7. The method according to claim 1, characterized in that, The trial planning information includes: The test objective, product technical status, test content, test items, test procedure, and success criteria must include at least one of the following: test objective, product technical status, test content, test items, test procedure, and success criteria.

8. A digital management system for spacecraft ground testing, characterized in that, include: The information acquisition module is used to acquire unstructured experiment planning information; The test planning information structured design module is used to structure the unstructured test planning information. The structured design includes: distinguishing between de-modeling general content and model-specific content in the test planning information, and performing structured processing on the general content and specific content respectively to form structured test requirement data. The test scheme structured design module is used to design test schemes based on the structured test requirement data. The test implementation and data acquisition module is used to implement the test and automatically collect test data based on the structured test plan. The test data processing and analysis module is used to perform generalized processing and statistical analysis on the test data; The test result output module is used to automatically generate test result output based on the results of the statistical analysis.
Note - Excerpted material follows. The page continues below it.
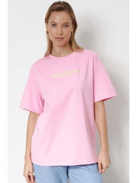 Комфортная футболка с авторским принтом из трикотажного полотна. Модель свободного силуэта. Рукав короткий. Горловина обработана бейкой.

9. The system according to claim 8, characterized in that, The experimental planning information structured design module includes at least one of the following: Document extraction submodule; Structured design requires the design of sub-modules; A structured presentation submodule used for previewing during the design process.

10. The system according to claim 8, characterized in that, The structured design module for the test plan includes at least one of the following: Structured project design submodule; Structured process design submodule; A structured presentation submodule used for previewing during the design process.